Find the representation invariant for the balanced trees that it uses.
Which kind of tree does it most resemble: 2-3, AVL, or red-black?
[stdlib-set-ml]: https://github.com/ocaml/ocaml/blob/trunk/stdlib/set.ml
□
##### Exercise: dictionary [✭✭✭, optional but recommended]

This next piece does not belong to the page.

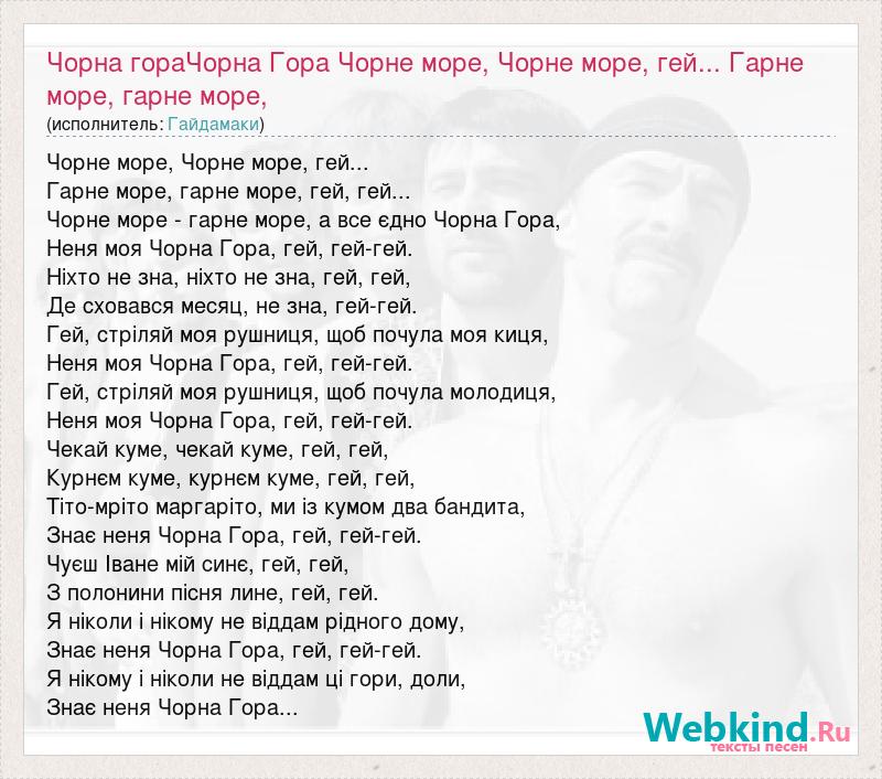 Чорне море, Чорне море, гей... Гарне море, гарне море, гей, гей... Чорне море - гарне море, а все єдно Чорна Гора, Неня моя Чорна Гора, гей, гей-гей. Ніхто не зна, ніхто не зна, гей, гей, Де сховався месяц, не зна, гей-гей. Гей, стріляй моя рушниця, щоб почула моя киця, Неня моя Чорна Гора, гей, гей-гей. Гей, стріляй моя рушниця, щоб почула молодиця, Неня моя Чорна Гора, гей, гей-гей. Чекай куме, чекай куме, гей, гей, Курнєм куме, курнєм куме, гей, гей, Тіто-мріто маргаріто, ми із кумом два бандита, Знає неня Чорна Гора, гей, гей-гей. Чуєш Іване мій синє, гей, гей, З полонини пісня лине, гей, гей. Я ніколи і нікому не віддам рідного дому, Знає неня Чорна Гора, гей, гей-гей. Я нікому і ніколи не віддам ці гори, доли, Знає неня Чорна Гора...

We've so far used balanced trees to implement sets. But they can
also efficiently implement maps aka dictionaries. Just add
an additional "key" component to each `Node`: instead of one value,
now you have one key and one value at each node. For example,
```
type ('k,'v) tree =
| Leaf
| Node of ('k,'v) tree * 'k * 'v * ('k,'v) tree
```
Modify the red-black tree implementation of sets to produce an
implementation of dictionaries. Your implementation should
match this interface:
```
module type Dictionary = sig
type ('k,'v) t
val empty : ('k,'v) t
val mem : 'k -> ('k,'v) t -> bool
val insert : 'k -> 'v -> ('k,'v) t -> ('k,'v) t
val find : 'k -> ('k,'v) t -> 'v option
val bindings : ('k,'v) t -> ('k*'v) list
val of_list : ('k*'v) list -> ('k,'v) t
end
```
The names of the functions above are meant to suggest their
specifications, which you should write yourself.
□
* * *
**Acknowledgement:** this lab uses some problems from *Introduction
to Algorithms*, first edition, by Cormen, Leiserson, and Rivest, 1990.